Luke stood biting his thumb.

He was as fully confident as was Anthony that the old man would not leave Hall away from his son. He might be angry, and incensed against Anthony; but his pride in the family position which he had won would never suffer him to disinherit his son, and leave the estate away from him—away from the name.

"I cannot—I cannot!" exclaimed Luke, with pain in his tone, for he felt that it was too great a sacrifice to be required of him that he should pronounce the nuptial blessing over Anthony and Urith. He laboured for breath. His brow was beaded with sweat. His pale face flushed.

"Anthony! this is unconsidered. You must postpone all thought of marriage to a later season. Consider that Urith's mother is but recently dead."

"I know it; but whether now or in three months, or three years, it makes no matter—I shall love her all the same, and we belong to each other. But, see you, Luke, I cannot go on three years—nay, nor three months, and hardly three weeks—without an occupation, and without money, and without a position. I am as impatient as you are for my reconciliation with my father. But we can be reconciled in one way only—through Urith's wedding-ring. Through that we will clasp hands. The longer the delay, the longer the estrangement, and the longer does my father harbour his delusion. If you will not marry me at once to Urith——"

"That I will not."

"Then I shall remain here, and work for her as her steward, look after the farm and the estate, and put it straight for her. Why, this is the time of all the year of the greatest importance to a farmer—the time that my direction is most necessary. I tell you, Luke, I stay here, either as her husband or as her steward."

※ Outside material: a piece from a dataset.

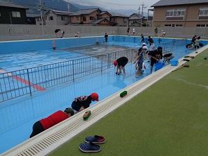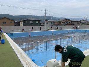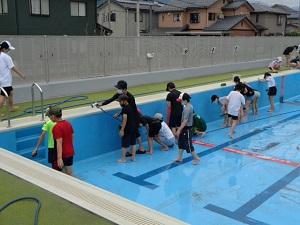 6月8日(火)6年生がプール掃除をしてくれました。冬の間にたまっていた泥汚れがきれいに洗い流され、ピカピカのプールによみがえりました。6年生のおかげで、清潔で安全なプールに入れそうです。ありがとうございました。

"That cannot be, that must not be," said Luke, with heat, "and that Urith herself must feel."

Urith did feel it. But Urith's mind was disturbed by what had taken place. She had no knowledge of the world, and Anthony's arguments had seemed to her conclusive, so conclusive as to override her own repugnance to an immediate marriage. She had resolved to give him up altogether, and yet she had yielded; that resolve had gone to pieces. She had resolved that if she did take him it should be at some time in the future, but when he pointed out to her that his only chance of reconciliation with his father was through marriage, as to abandon her was an impossible alternative, and that he was absolutely without work, without a position, without means—sponging on his cousin, a poor curate, then she saw that this, her second resolve, must go to pieces, like the first.

"Anthony," said Luke; "you will have to go away for a year—for some months at the least."

"Whither?—To whom?"

"Surely Justice Crymes knows of——"

"How can I accept any help from him when I refuse his daughter, and when I have blinded his son?"

"That is true—and your mother had no relatives?"

"None that I know of but my grandmother, who is with you."

"Then go to sea."

"I have no taste to be a sailor."

"Be a soldier?"

"No, Luke, here I can serve Urith—save Willsworthy from going to destruction. It is not a bad estate, but has been mismanaged. Here I can be of utility, and here I can be a help to Urith, and find work that suits me, and which I understand. It seems plain to me that Willsworthy is crying out for me to come and take it in hand; and, unless it be taken in hand at once, a whole year is lost."

"That is true," threw in Solomon Gibbs, whose great eagerness now was to be disembarrassed of a task that was irksome to him, and obligations that were a burden. "You see, I was never reared to the farm, but to the office. I can draw you a lease, but not a furrow; make a settlement, but not a turf-tye. I wash my hands of it all."

"Then, in God's name," said Luke, in grey pallor, and with quivering features, "if it must be, then so be it. May be His finger points the way. As you will. I am at your service—but not for one month. Concede me that."

"From to-day," said Anthony. "So be it. That is fixed."